Mom asked for a scarf with a hood in "winter white". If my mom asks for something knitted, she gets it. I was nearly finished sewing the pompoms onto my fantastically gorgeous yet-to-be-blogged Advent Mystery KAL shawl and in need of a fresh project (I think Mom can sense these things), so I spent a happy half hour with Ravelry's supercharged pattern search and decided to knit this one by Lisa Ellis. It calls for worsted weight wool. Since I have an embarrassingly large stash, you might expect that I have plenty of worsted weight yarn to choose from...but you would be wrong. I have very little worsted weight yarn and none in superwash, which is a requirement for my itch-sensitive family. However, I do have enough fingering weight yarn for several knitting lifetimes. Fingering weight held double nearly always makes a good substitute for worsted if at least one of the strands is Wollmeise, so--phew!--I didn't have to break my six-day streak of not buying yarn.

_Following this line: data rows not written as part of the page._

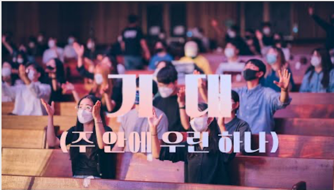
기대(주 안에 우린 하나)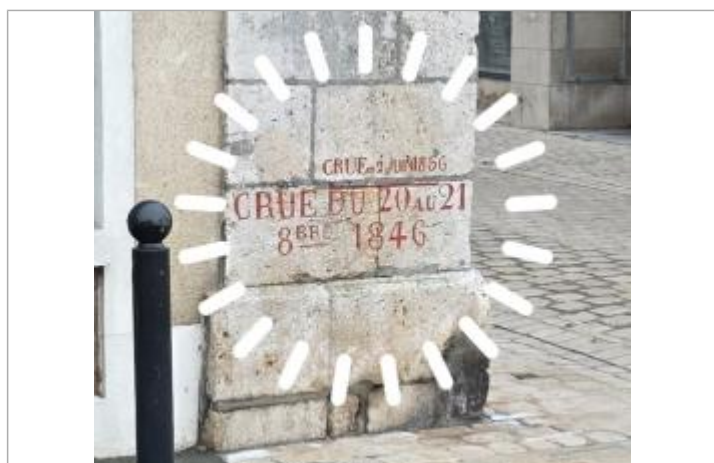
Vue rapprochée des deux repères historiques de 1846 et 1856, photo prise le 15 décembre 2025.

Code : LCI_R_202_2067 Date de mise à jour : 29/01/2026 Auteur : SPC LCI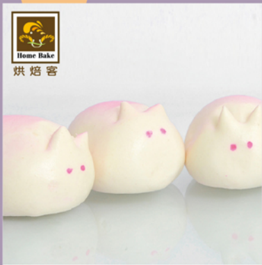
烘焙客 SoQ 雪兔包

規格：32g/顆×16 熱量：284大卡/100g 保存期限：-18°C冷凍1年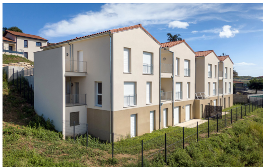
Résidence Les Hespérides à Saint-Romain-en-Jarez (42) 10 logements collectifs - MOD

« Alliade Habitat accompagne ses locataires à chaque étape du parcours de vie en produisant des logements adaptés aux besoins des habitants et des territoires. » »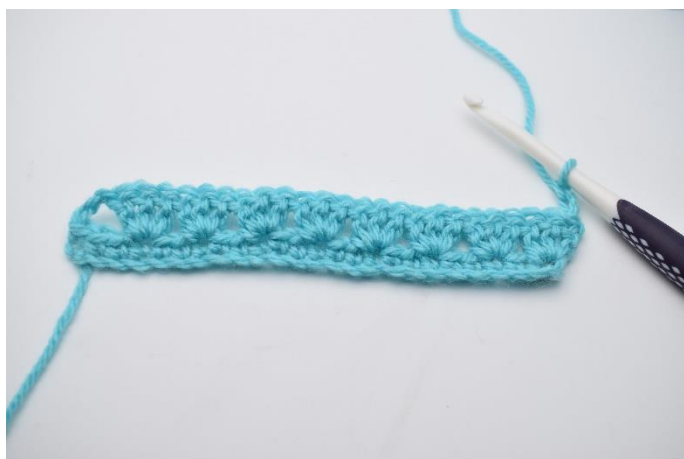
9. Vend dit arbejde, og lav 3 lm.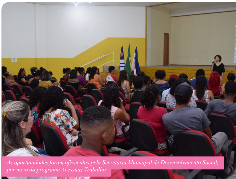
As oportunidades foram oferecidas pela Secretaria Municipal de Desenvolvimento Social, por meio do programa Acessuas Trabalho

“São oficinas que têm como objetivo abrir o horizonte para o trabalho, abrir possibilidades nesse campo. O programa é oferecido desde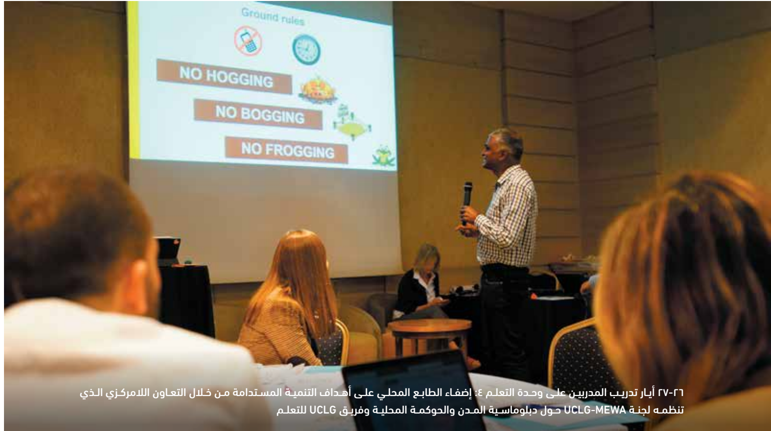
٢٧-٢٦ أيار تدريب المدربين على وحدة التعلم ٤: إضفاء الطابع المحلي على أهداف التنمية المستدامة من خلال التعاون اللامركزي الذي تنظمه لجنة UCLG-MEWA حول دبلوماسية المدن والحكومة المحلية وفريق UCLG للتعليم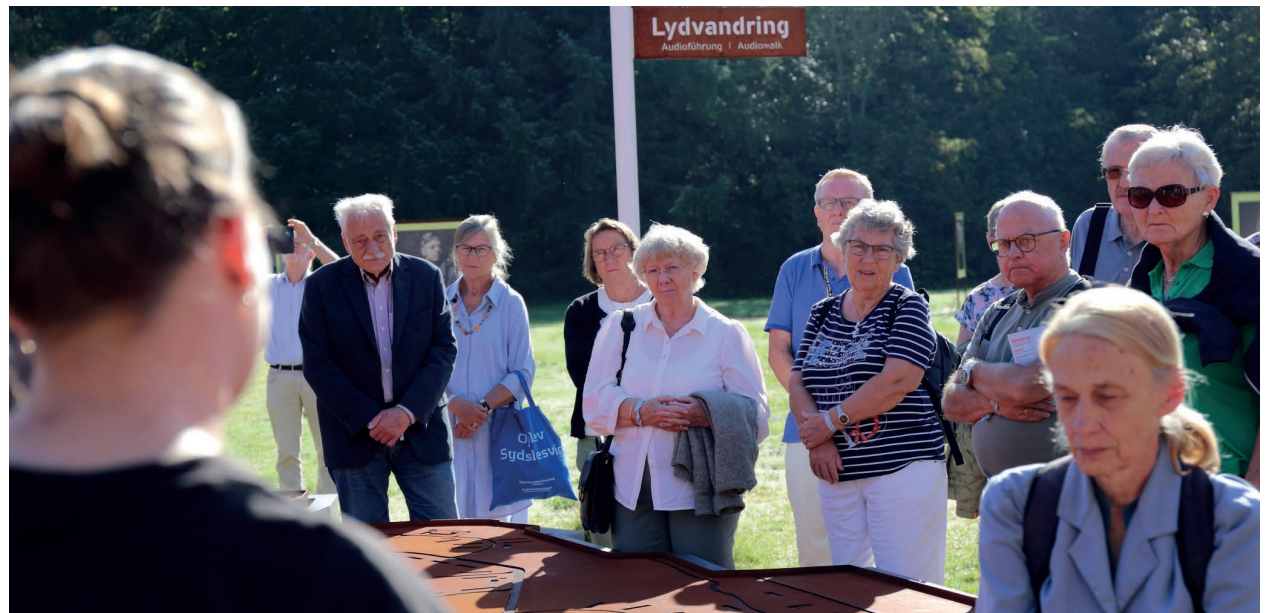
Lydvandring Audiotourning | Audioguide

både angående fortiden, hvor Sydslesvig og Danmark mod- tog rigtig mange af flygtningene fra Østtyskland, og nutiden ved at høre om sydslesvigske børns glæde og fornøjelse ved at komme på lejrskole i Danmark.

This is where it gets fun. I thought I might get bored knitting the whole thing out of plain old white (the creamy white of undyed wool), but I didn't want to stray too far from Mom's request, either. I decided to combine one strand of Wollmeise Twin in Natur with one strand of a fabulous new yarn in my collection, Peepaloo Fields Standard Sock in the splashy speckled colorway Tough Cookie. I love this colorway! I couldn't imagine how I would use it, never having used a yarn dyed quite this way, with the random non-repeated splashes of color on a mostly plain ground, but I bought it anyway. It was just too cool.







This is how it looks:



I love the subtle random specks and chunks of color, and I love this squishy half-cable stitch pattern. I haven't used it before. I'll probably use it again. I'm knitting with size US8 needles as recommended in the pattern, but expect it would make an equally lovely fabric on size US9...but believe it or not I don't have any 9s (I probably have 100 sets of needles, so I don't know how this has happened). I usually go down by one or two needle sizes, so perhaps this designer is a loose knitter like I am.

And a closeup:
Love, love, love. It's hard to stop knitting because I want to see what the yarn will do next! 

I've been sitting by the Wintermas tree knitting this lovely thing (for my darling mom) while watching holiday movies. And there's snow outside. And my son will be home soon. Doesn't get much better.